*** Begin section ***
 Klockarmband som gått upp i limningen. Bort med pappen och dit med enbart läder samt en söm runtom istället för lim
*** End section ***
*** Begin section ***
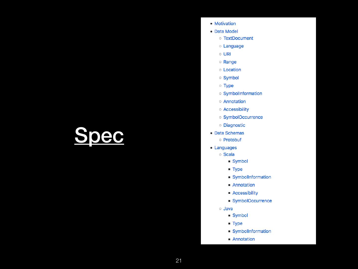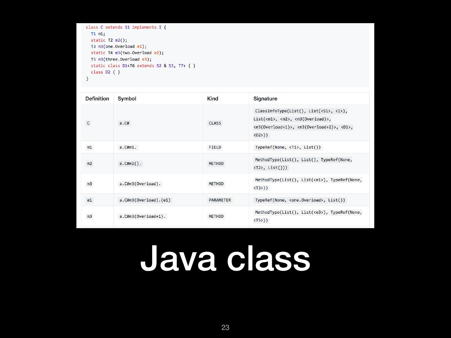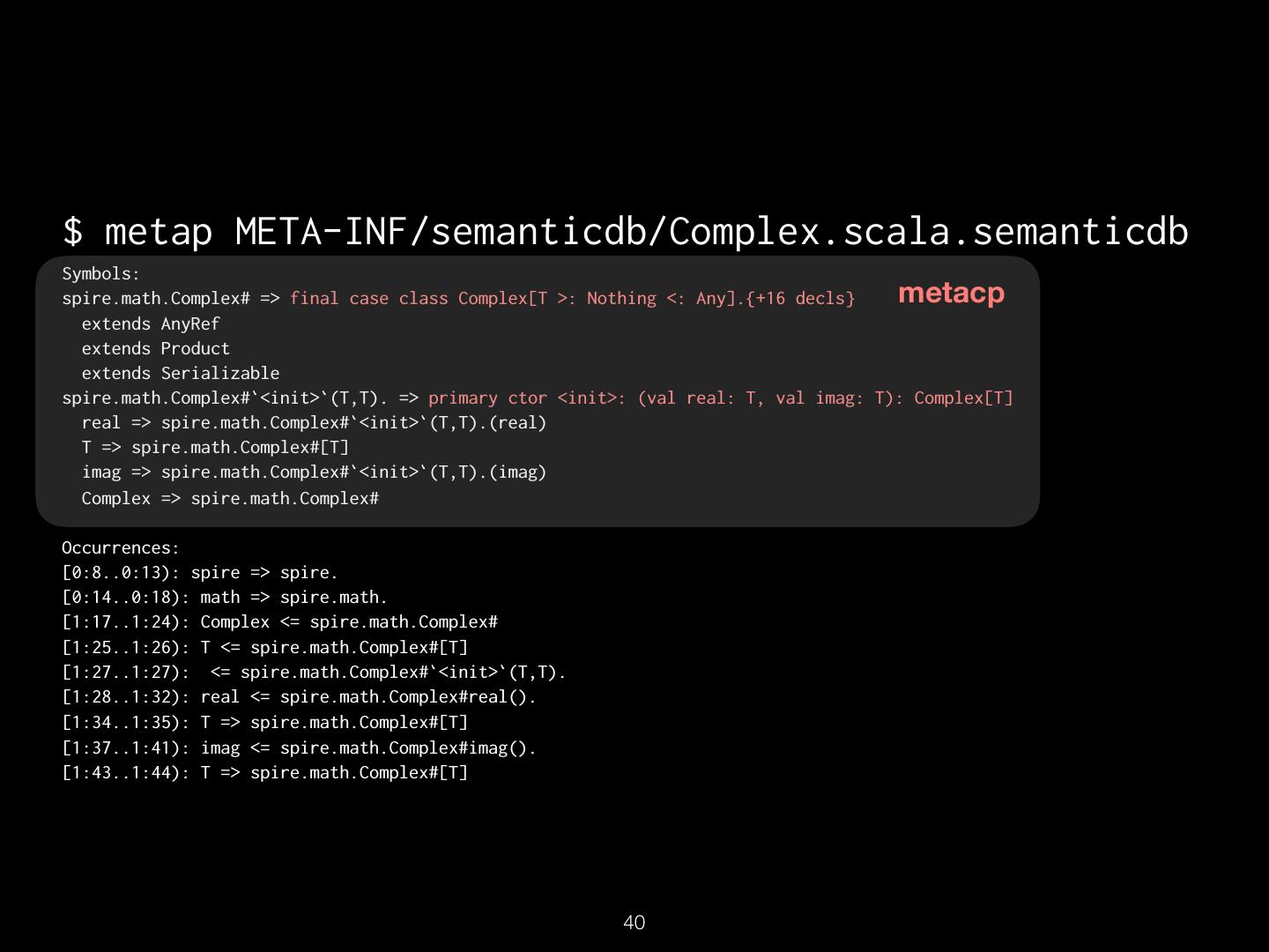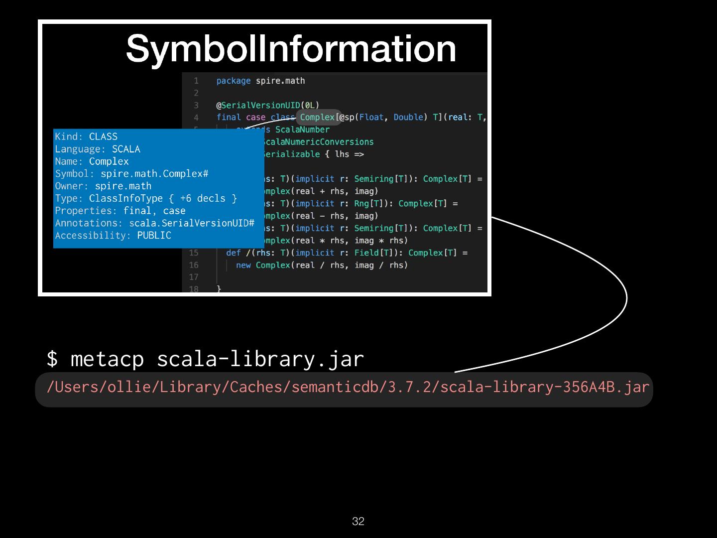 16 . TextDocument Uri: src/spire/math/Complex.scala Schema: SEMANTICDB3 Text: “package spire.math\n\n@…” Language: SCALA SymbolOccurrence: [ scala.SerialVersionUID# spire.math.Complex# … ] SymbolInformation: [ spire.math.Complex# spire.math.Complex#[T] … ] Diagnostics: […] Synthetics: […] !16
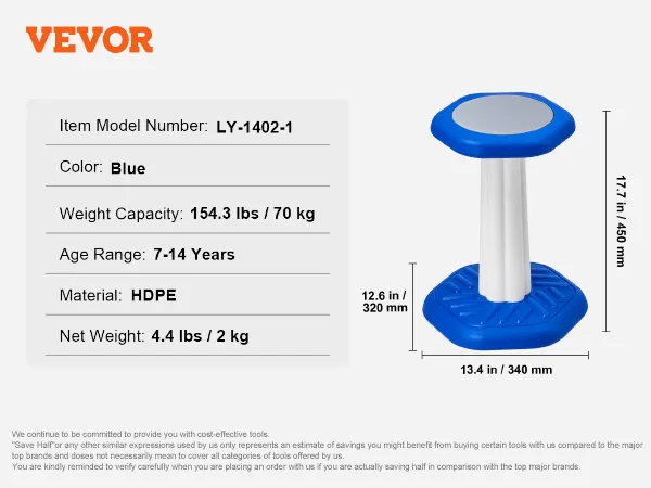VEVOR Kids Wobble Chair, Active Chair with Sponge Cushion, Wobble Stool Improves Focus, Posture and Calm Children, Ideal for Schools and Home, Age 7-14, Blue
*** End section ***
**Assignment**
Nothing but the lines from the one containing "16 . TextDocument" through the one containing "VEVOR Kids Wobble" should appear, copied exactly from the material above and without pictures.

**Exercise answer**
 16 . TextDocument Uri: src/spire/math/Complex.scala Schema: SEMANTICDB3 Text: “package spire.math\n\n@…” Language: SCALA SymbolOccurrence: [ scala.SerialVersionUID# spire.math.Complex# … ] SymbolInformation: [ spire.math.Complex# spire.math.Complex#[T] … ] Diagnostics: […] Synthetics: […] !16
VEVOR Kids Wobble Chair, Active Chair with Sponge Cushion, Wobble Stool Improves Focus, Posture and Calm Children, Ideal for Schools and Home, Age 7-14, Blue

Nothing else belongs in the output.